El pintor se quitó el cuello de encaje, desamarrándolo por delante de su pecho. El calor del mes de mayo en Roma comenzaba a volverse desagradable, puesto que no soplaba viento para refrescar y menos a aquella hora del día. Agradecía en privado que no le exigieran trabajar con peluca ni aderezos. Ya era una distinción que le permitieran trabajar en aquel palacio y para esa familia a la que Roma debía tanto desde hacía siglos. Resopló. Las otras cortes que había pisado eran mucho más formales y, para su gusto, la francesa alcanzaba el grado de insoportable. La gente debía disfrazarse y maquillarse para poder siquiera caminar por un pasillo, por un jardín, ya no dijéramos para trabajar: peluca, polvos blancos, zapatillas con tacones y puños tan largos y con tanto encaje que se arruinaban en tintas y solventes. El príncipe no estaba en palacio, le había dicho el criado nada más llegar. Apenas si había visto al príncipe Lorenzo Onofrio Colonna en un par de ocasiones. Era de ese tipo de nobles que pagaba y fingía apreciar un arte que no comprendía, solo porque lo hacía lucir como un gran mecenas sin desmerecer lo que significaba su apellido. Pero pagaba bien.

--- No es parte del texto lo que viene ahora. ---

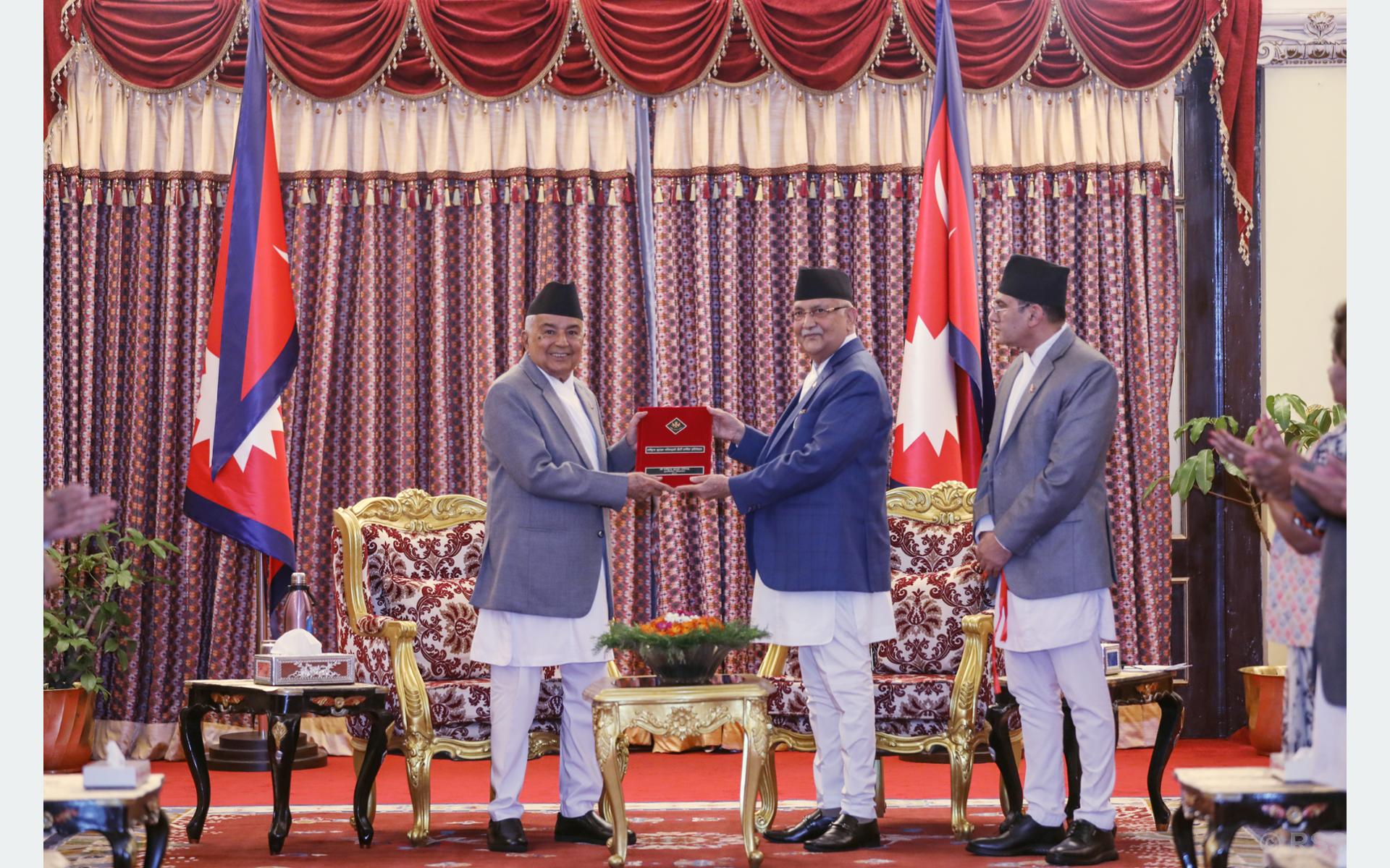 काठमाडौं । राष्ट्रपति रामचन्द्र पौडेलसमक्ष प्रधानमन्त्री केपी शर्मा ओलीले राष्ट्रिय सुरक्षा परिषद्का पछिल्ला दुुई आर्थिक वर्षका वार्षिक प्रतिवेदन पेस गरेका छन् ।
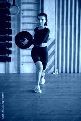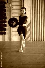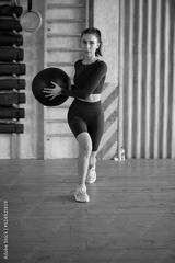 Young woman doing lunges with a medicine ball
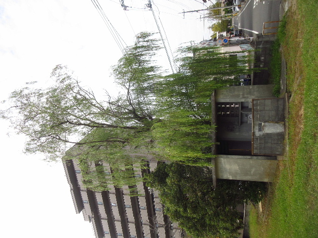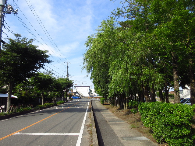写っている街路樹がヤナギであるとは言い切れないが、このような感じで道路の両側にヤナギがあった。それは市街部の道路の割とありふれた風景だった。よく知られているように、現在では街路樹として植えられたヤナギは、少なくとも市街部には一本も遺っていない。冒頭のヤナギの事例は、街路樹としてではなく俵田体育館の敷地に植えられているものである。
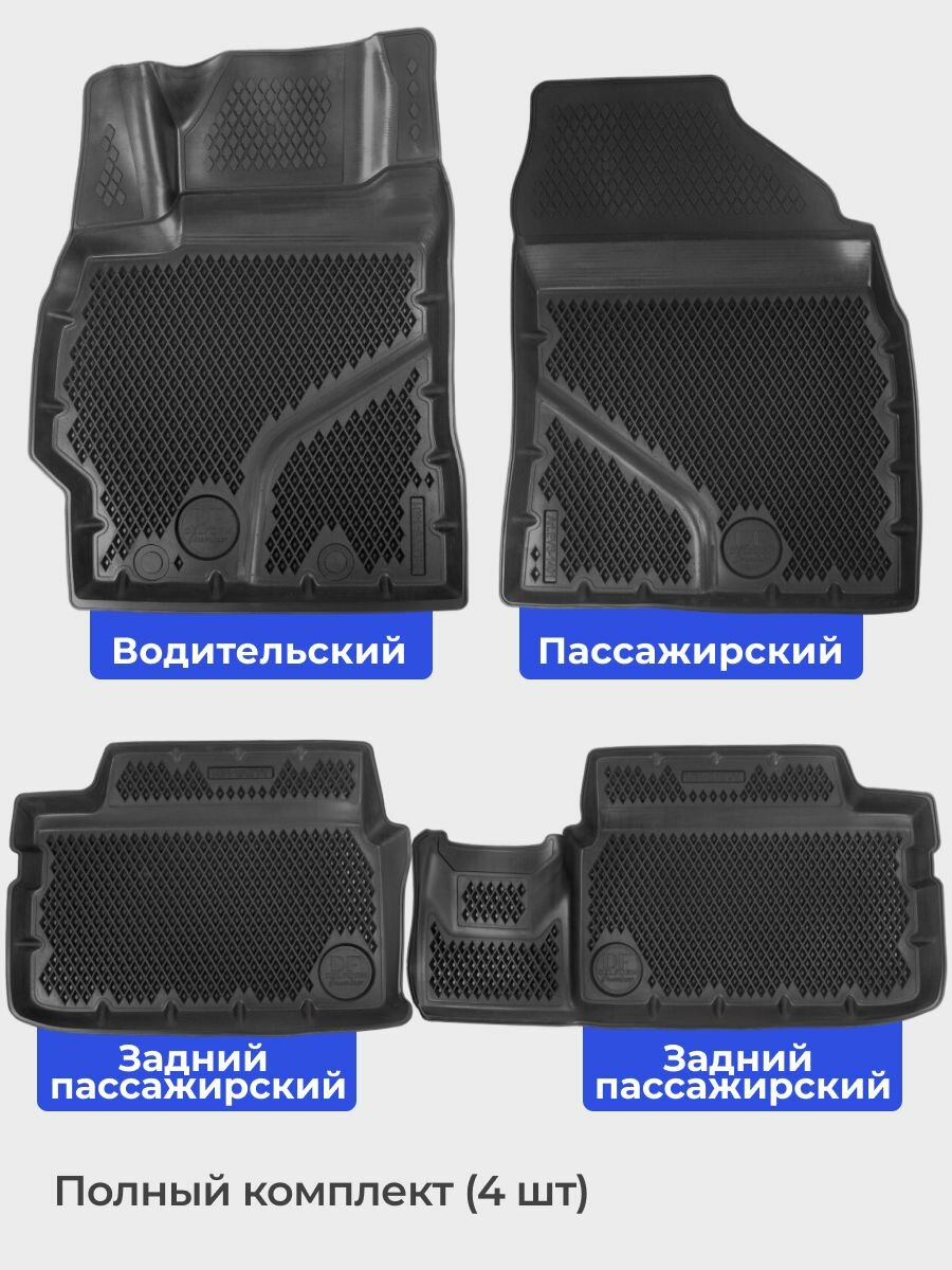 Коврики для автомобиля Lada Largus из 4-х (2012-н. в.) / полный набор в салон для автомобиля Лада Ларгус с бортами и ячейками ЭВА 3Д / версия "Standart EVA 3D" Delform
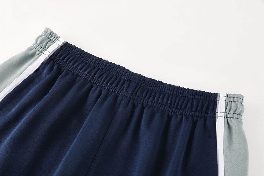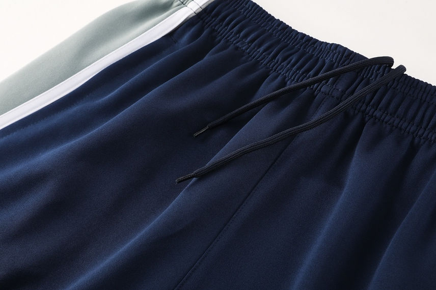 Color Block Design: The jacket showcases a sophisticated color block design in Navy Blue and Grey, giving it a sharp, modern aesthetic. The pants maintain the primary navy color with striking grey and white panel detailing.
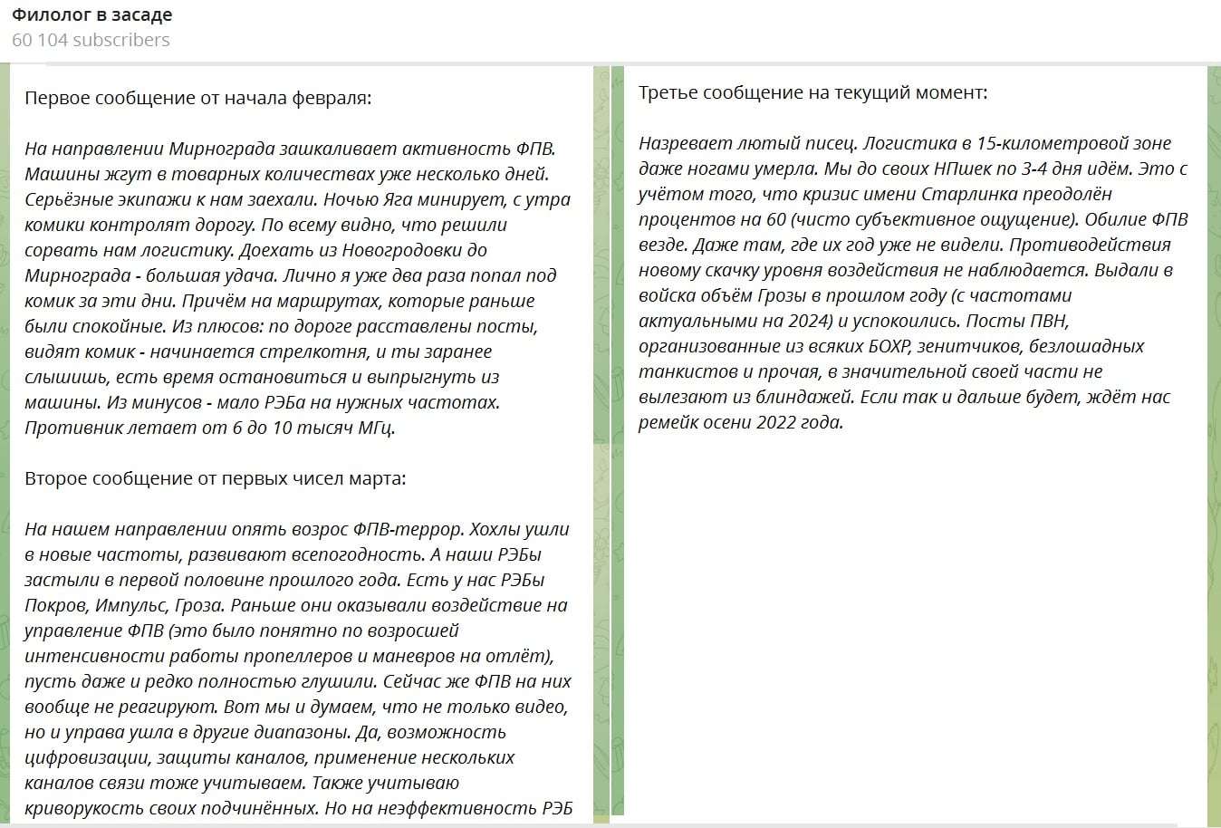 По словам самих российских источников, украинские операторы дронов перешли на новые частоты и улучшили защиту каналов связи. В результате FPV-дроны практически не реагируют на российские средства подавления.

La luz que se filtraba por los visillos comenzaba a brillar, señal de que se acercaba la hora del almuerzo. Jacob no tenía tiempo para perder; con princesa o sin ella. El retrato del heredero de los Chigi aún lo esperaba en su estudio en el barrio de la Garbatella, junto a los viñedos extramuros de San Pablo. Pronto se le terminarían las bellas de su galleria y aunque pintar la fealdad de los Chigi era todo un reto, él, Jacob Voët, sabía bien cómo enderezar un mentón, alisar unas arrugas, levantar unos párpados… y lo hacía mientras aplicaba la presión de sus pinceles sobre la tela. Creyó escuchar un ruido en el pasillo y esperó.

Golpeó el suelo con el tacón del zapato. Las tripas le crujían. Se colaría por las galerías, incluyendo la de baile y la de la fuente, su preferida. ¿A quién se le habría ocurrido poner una fuente en medio de un salón grande, rodearla de palmas exóticas traídas de América, techos pintados como bosque encantado y llenarla de esculturas hermosas? Un jardín dentro de un palacio. ¡Era genial! La princesa desde luego tenía un gusto exquisito. Aplicó un poco de su mezcla en la columna que había trazado con carboncillo en una esquina del lienzo. El símbolo de los Colonna.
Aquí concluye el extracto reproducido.